Extracellular matrix disturbances in acute myocardial infarction: relation between disease severity and matrix metalloproteinase-1, and effects of magnesium pretreatment on reperfusion injury.

The purpose of this paper is to clarify the relationship between cytokines, matrix metalloproteinase-1 (MMP-1) and severity of acute myocardial infarction (AMI). Additionally, to investigate whether magnesium (Mg) sulfate pretreatment inhibits myocardial damage in coronary reperfusion therapy for patients with AMI. At first, 34 patients with AMI were enrolled.

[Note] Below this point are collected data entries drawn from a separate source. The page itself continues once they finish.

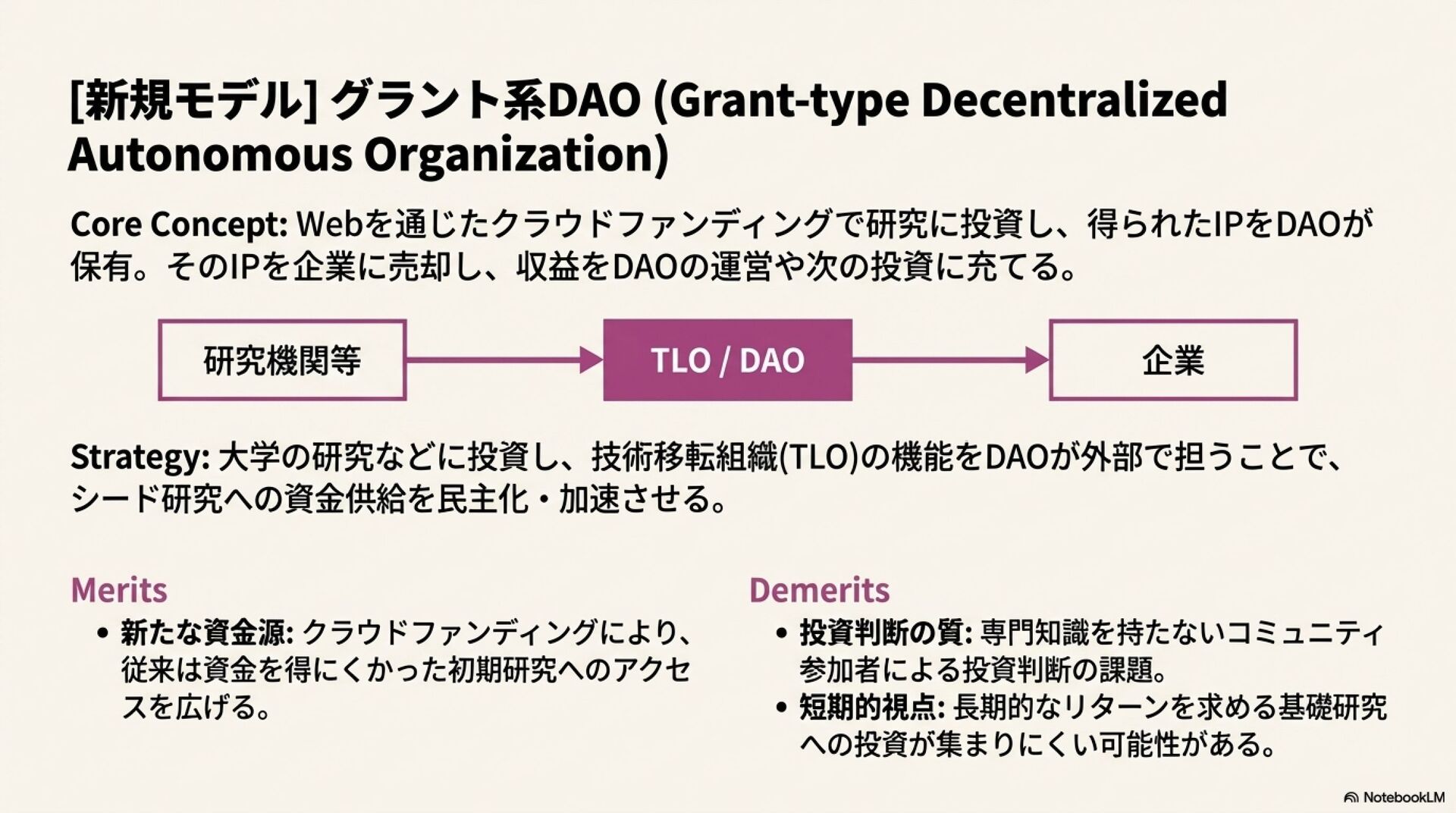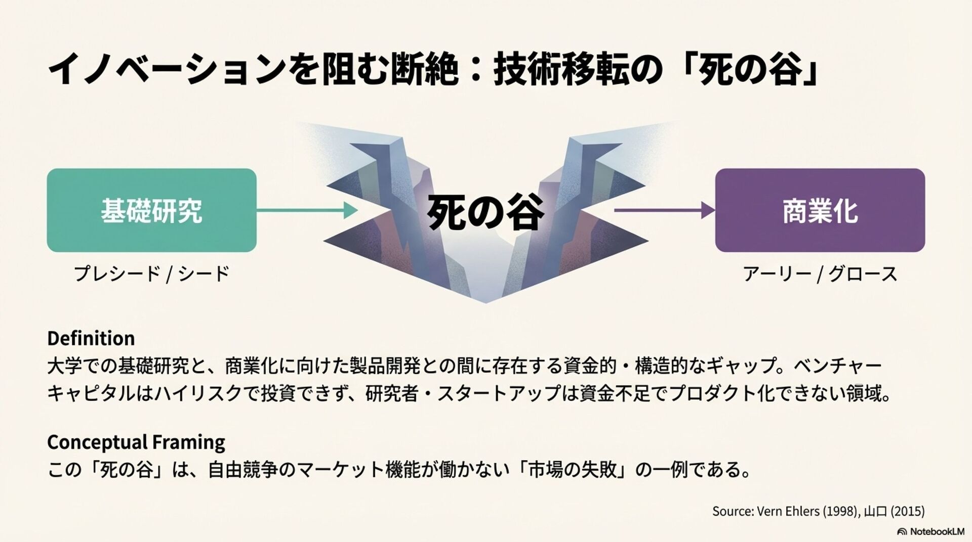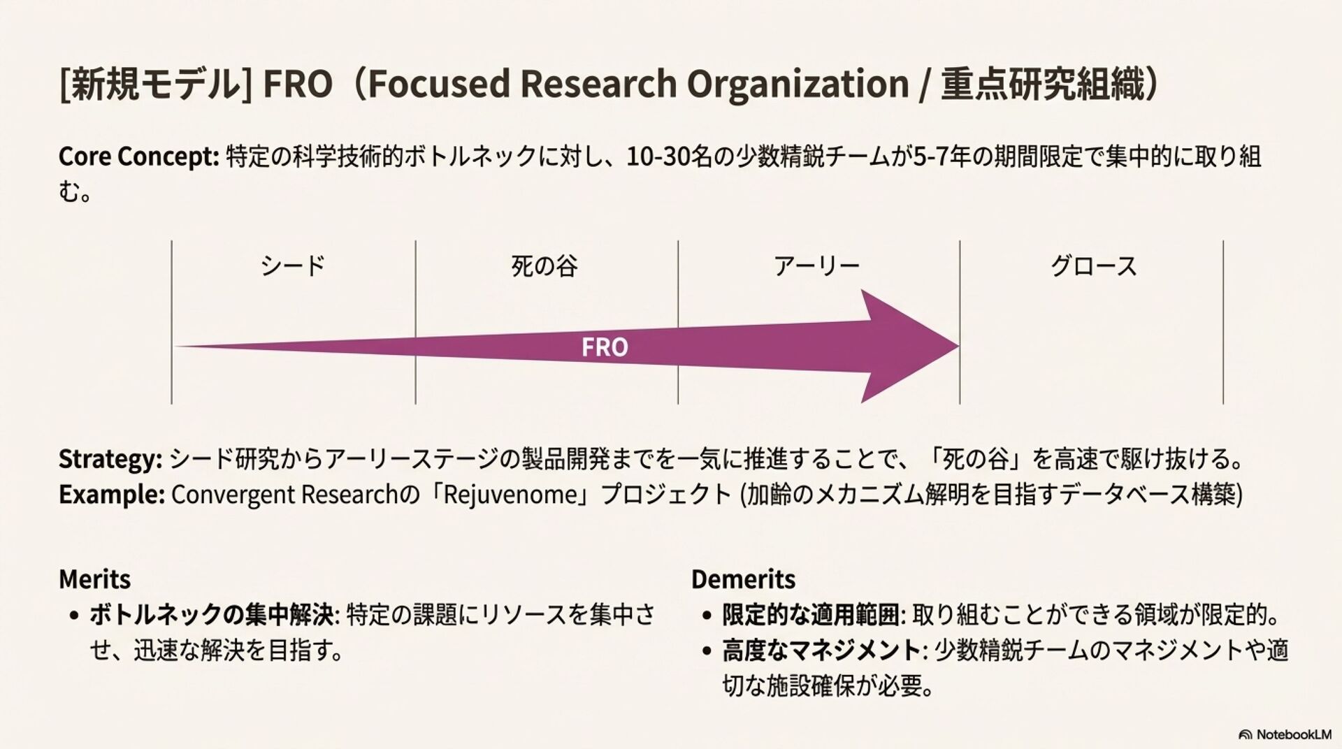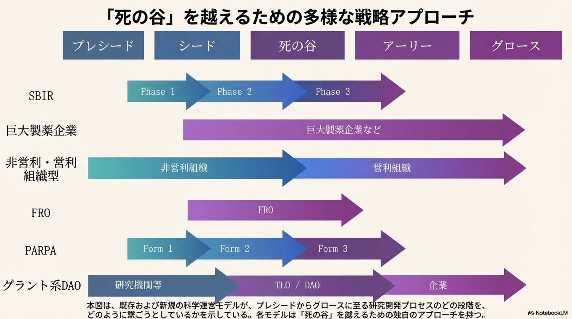 このムーブメントの中から、重点研究組織(FRO)、民間型高等研究計画局(PARPA)、グラント系自律分散型組織(DAO)といった、新たな科学運営モデルが次々と生まれている。これらのモデルは、基礎研究の成果を商業化へつなぐ過程で生じる資金的・構造的な障壁、いわゆる「技術移転の死の谷」を克服するための、それぞれ独自のアプローチを提示している。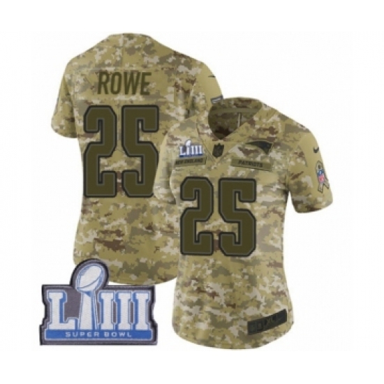 Women's Nike New England Patriots #25 Eric Rowe Limited Camo 2018 Salute to Service Super Bowl LIII Bound NFL Jersey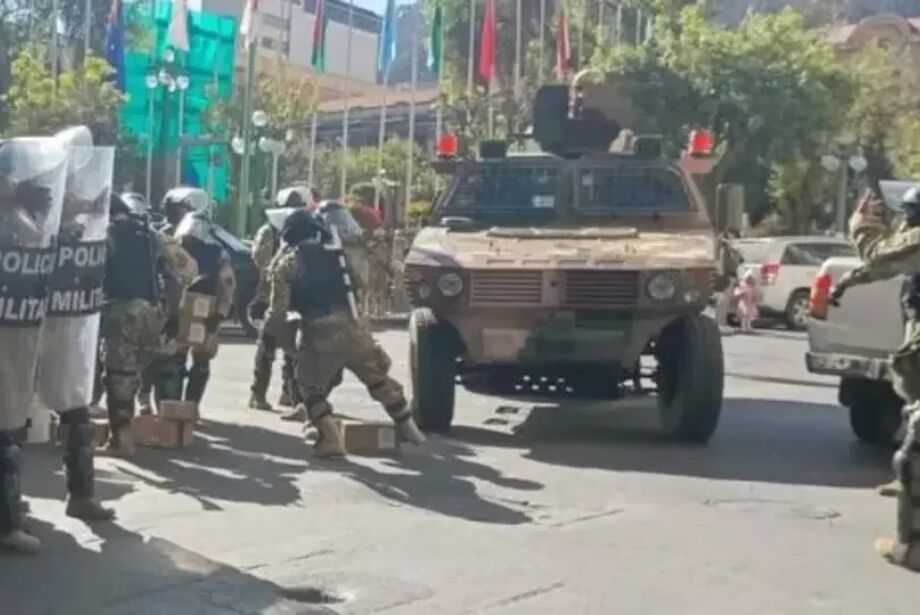 En este momento se despliega personal de las Fuerzas Armadas y tanquetas en la Plaza Murillo.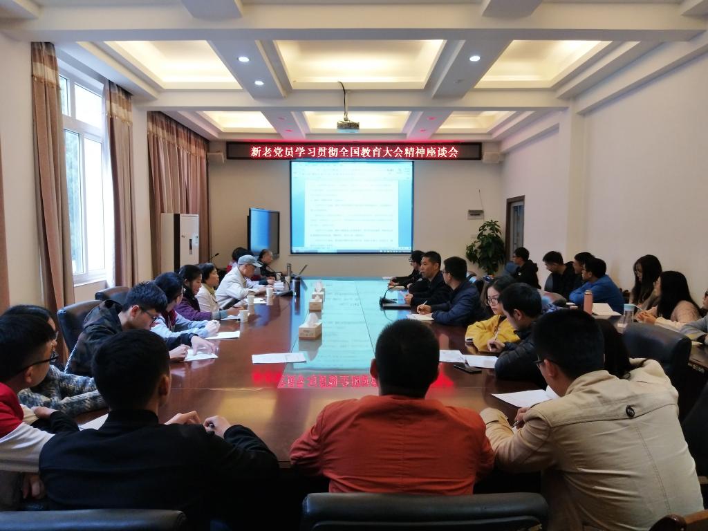 太阳成集团122ccvip副书记王盛代表太阳成集团122ccvip对离退处第五、六党支部与学院学生党支部结对共建所做的工作建表示了感谢,并带大家一起学习了全国教育大会的重要意义、要求和全国教育大会的主要精神。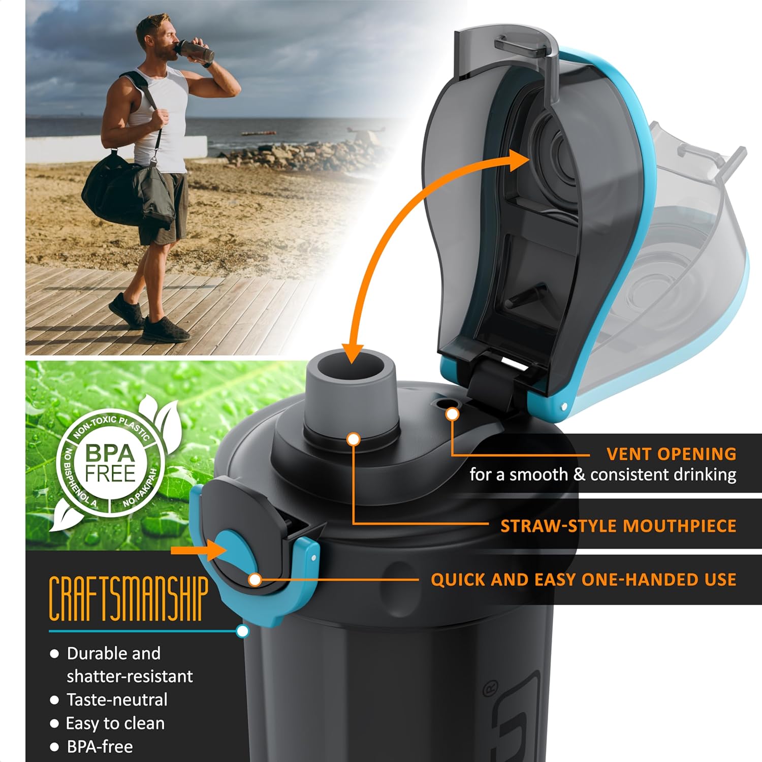 800ml Capacity – Ideal for protein shakes, pre-workout, or post-workout drinks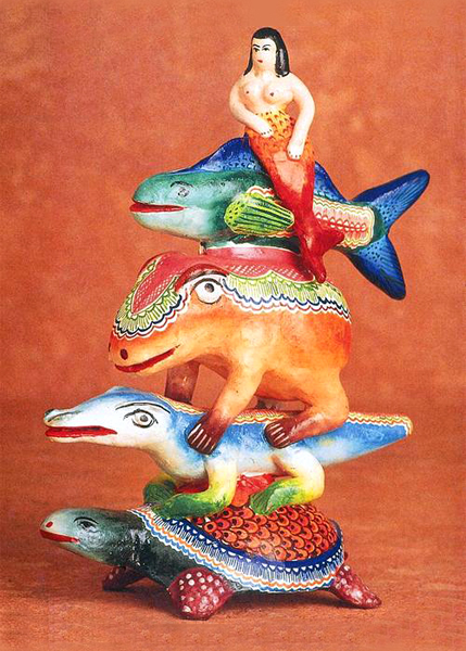 Shown: “Mariachi” figure by Pedro Linares.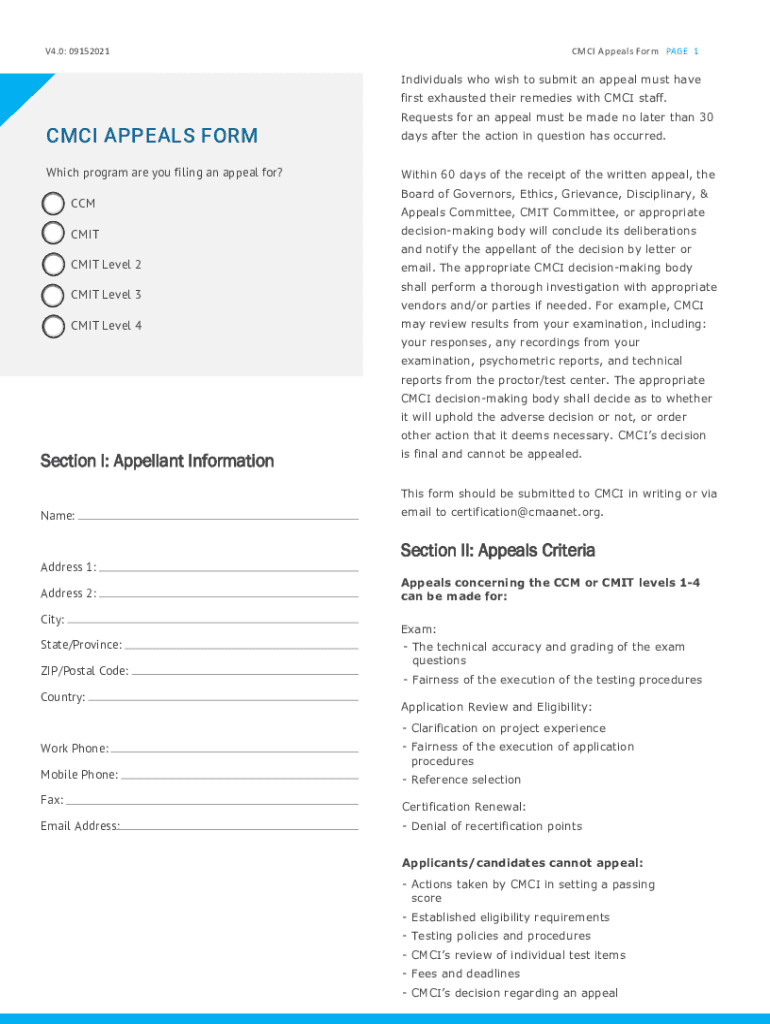 V4.0: 09152021CMCI Appeals Form PAGE 1Individuals who wish to submit an appeal must have first exhausted their remedies with CCI staff.CCI APPEALS FORM Which program are you filing an appeal for?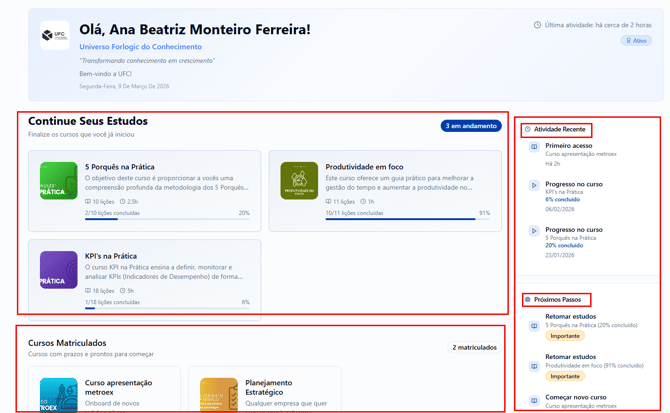 seus cursos matriculados;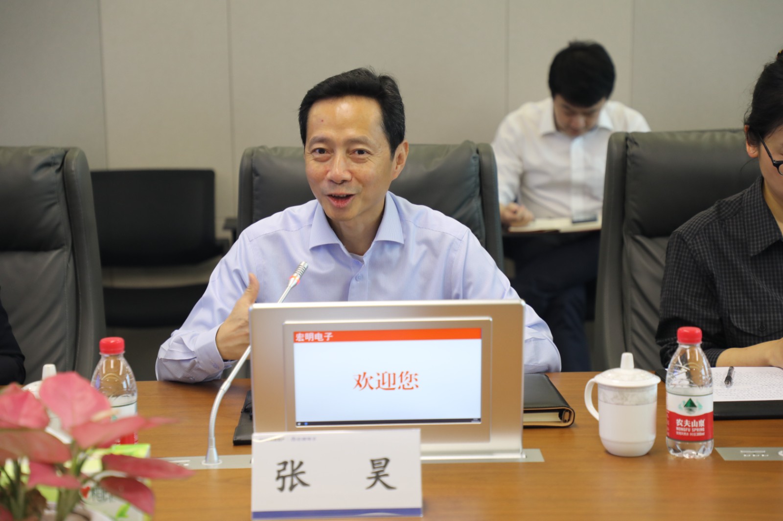 省国资委相关处室同志参加调研,米兰(中国)、川投信产、宏明电子、智胜集成相关负责人陪同调研。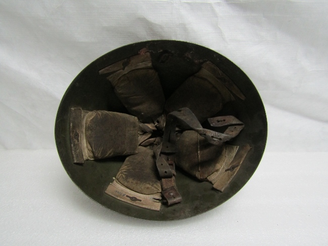 Casco militar color verde oscuro, con escudo chileno ubicado en el costado derecho, con parte inferior roja, parte superior azul y estrella blanca al medio. Al interior, almohadillas de cuero.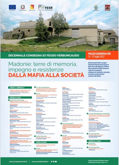 Nel decennale della consegna del Feudo Verbuncaudo da parte dello Stato alla Regione Siciliana, alla comunità di Polizzi Generosa e alla terra madonita, settimana di confronto e iniziative sul valore sociale dei beni confiscati alle Mafie. A Polizzi Generosa dal 25 – 31 luglio 2022.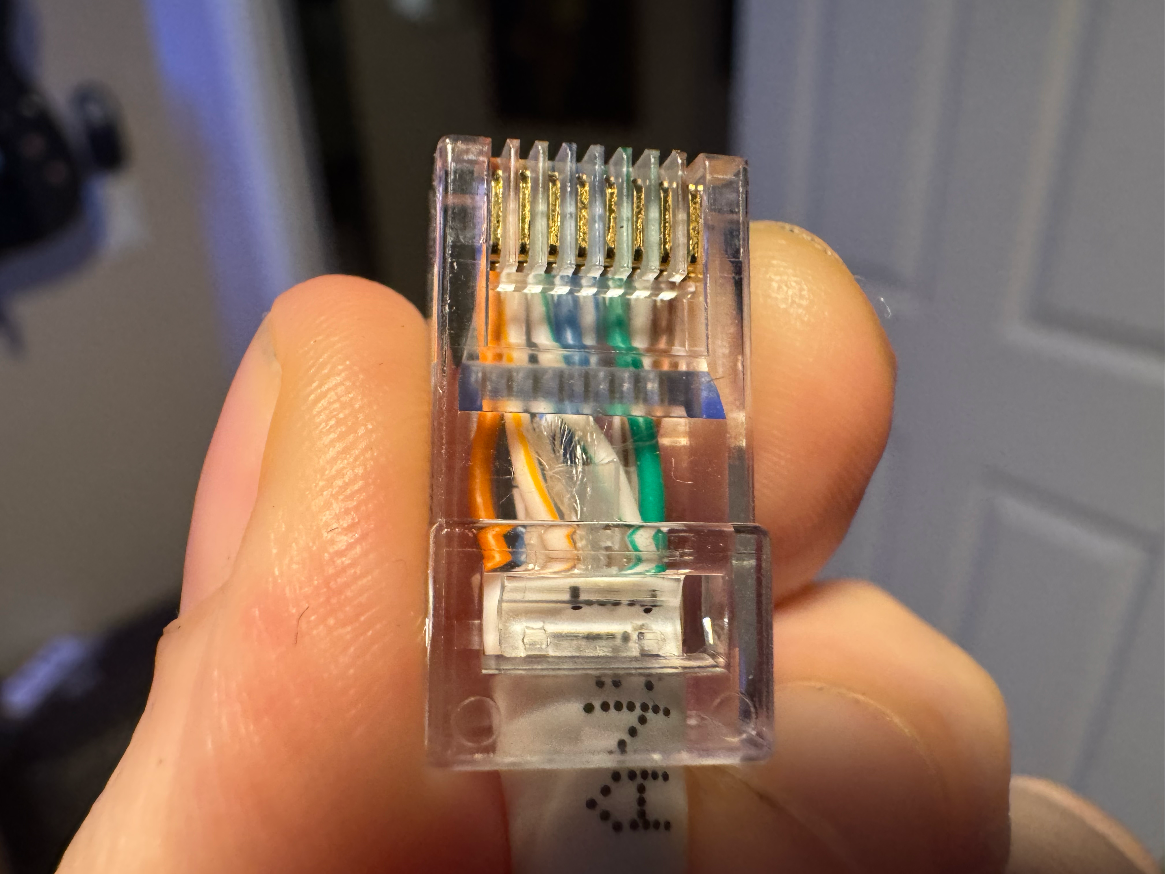 - Slide into the RJ45 connector (check each wire goes fully to the front).

Then, the patients were classified into 2 groups with or without congestive heart failure (CHF) (C group and NC group, respectively). Interleukin 6 (IL-6), MMP-1 and the hemodynamic parameters were measured. Second, 36 AMI patients treated with coronary reperfusion therapy were enrolled. Patients were divided into 2 groups (18 patients each) as the non-pretreated group (Control group) and the group pretreated with intravenous Mg sulfate (0.27 mmol/kg) (Mg group). IL-6, MMP-1 and the indexes of reperfusion injury were evaluated. There were positive correlations between peak MMP-1 level, and peak creatine kinase value and pulmonary capillary wedge pressure and peak IL-6 level (r = 0.43, r = 0.70, and r = 0.60, respectively) in all patients. There were negative correlations between peak MMP-1 level and left ventricular ejection fraction and cardiac index (r = - 0.52 and r = - 0.55, respectively). The peak blood IL-6 and MMP-1 level increased in AMI, particularly in patients with CHF (C group vs NC group; 130 vs 51 pg/mL and 37 vs 18 ng/mL, both p < 0.01). Additionally, peak IL-6 and peak MMP-1 in the Mg group were lower than those of the control group (39 vs 92 pg/mL and 16 vs 20 ng/mL, p < 0.05 and p = 0.09, respectively). The incidence of reperfusion injury including reperfusion arrhythmia and transient exacerbation of ST elevation in the Mg group was lower than that of control group (17 vs 78% and 2.5 vs 4.7 mm, p < 0.01 and p = 0.08, respectively). These results may suggest that the severity of AMI is reflected by the blood IL-6 and MMP-1 levels and that pretreatment with Mg administration protects the myocardium of patients with AMI from reperfusion injury induced by IL-6 and MMP-1.